## Exercise input
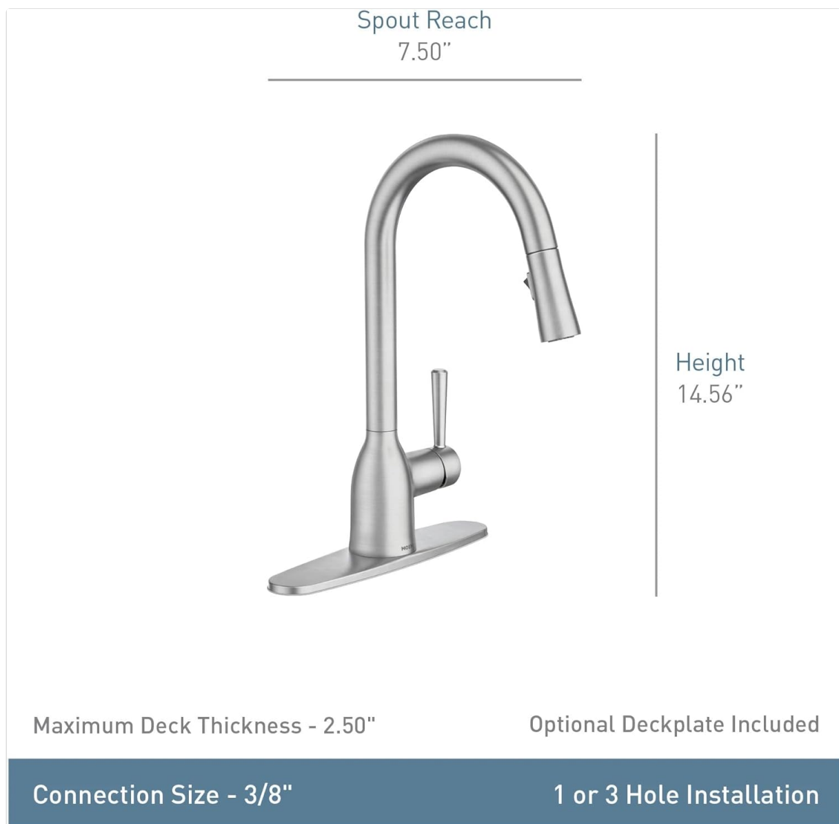
Figure 2: Installation Dimensions. This diagram illustrates the faucet's dimensions, including spout reach and height, and confirms compatibility with 1 or 3-hole installations.

Refer to the included instruction manual for detailed step-by-step installation procedures and required tools.
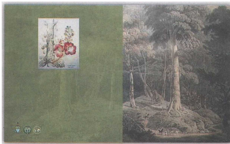
Heritage outlook: The cover of 'Heritage Trees of Penang'.

"We believe that this will be the first, extensive book about the trees in Penang," she said, adding the book would appeal to everyone, especially locals who could recognise the trees in it.
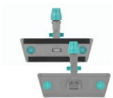
Velook frame with Block System
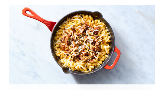
4. Make mac & cheese

Add 1 teaspoon oil and remaining scallions to skillet. Cook, stirring, until fragrant, about 1 minute. Add ¼ cup water and bring to a simmer, scraping up bits from the bottom of the pan. Add to bowl with pork. Stir in barbecue sauce until pork is evenly coated.
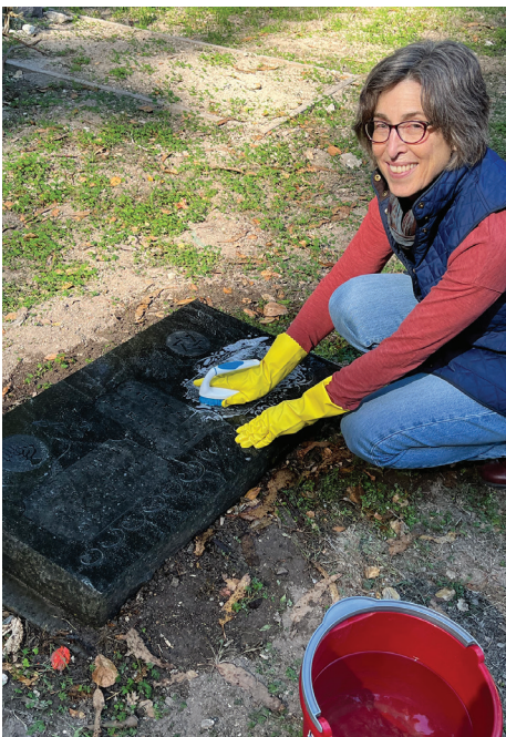
HOP service day | Headstone cleaning in preparation for Veteran's Day

The TBE Cemetery Committee is looking for a volunteer to lead and manage the effort to add a new divider wall, do some landscaping and otherwise beautify the Beit Olam area at our Soquel Cemetery , and to help manage Soquel Cemetery maintenance in general. Regarding the wall/landscaping project, we have some basic ideas and some money, but we need someone to select and hire a landscape architect, work up proposals, get construction estimates, etc. Simple project management, construction and/or landscaping/gardening experience preferred. If you are interested, please contact: Miles J. Dolinger , TBE Board of Directors, V.P. of Operations, miles@dolingerlaw.com .
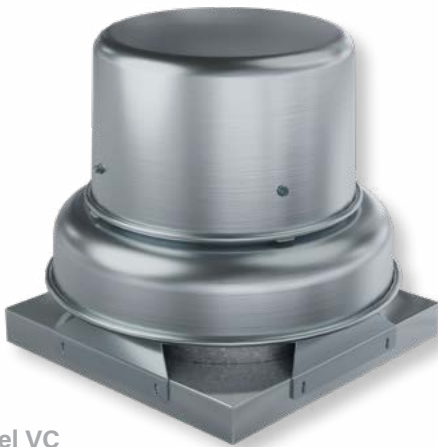
Model VC Direct Drive

## Prompt
Pictures in the listing above must be skipped; everything else should be copied exactly.

## Task result
Figure 2: Installation Dimensions. This diagram illustrates the faucet's dimensions, including spout reach and height, and confirms compatibility with 1 or 3-hole installations.

Refer to the included instruction manual for detailed step-by-step installation procedures and required tools.
Heritage outlook: The cover of 'Heritage Trees of Penang'.

"We believe that this will be the first, extensive book about the trees in Penang," she said, adding the book would appeal to everyone, especially locals who could recognise the trees in it.
Velook frame with Block System
4. Make mac & cheese

Add 1 teaspoon oil and remaining scallions to skillet. Cook, stirring, until fragrant, about 1 minute. Add ¼ cup water and bring to a simmer, scraping up bits from the bottom of the pan. Add to bowl with pork. Stir in barbecue sauce until pork is evenly coated.
HOP service day | Headstone cleaning in preparation for Veteran's Day

The TBE Cemetery Committee is looking for a volunteer to lead and manage the effort to add a new divider wall, do some landscaping and otherwise beautify the Beit Olam area at our Soquel Cemetery , and to help manage Soquel Cemetery maintenance in general. Regarding the wall/landscaping project, we have some basic ideas and some money, but we need someone to select and hire a landscape architect, work up proposals, get construction estimates, etc. Simple project management, construction and/or landscaping/gardening experience preferred. If you are interested, please contact: Miles J. Dolinger , TBE Board of Directors, V.P. of Operations, miles@dolingerlaw.com .
Model VC Direct Drive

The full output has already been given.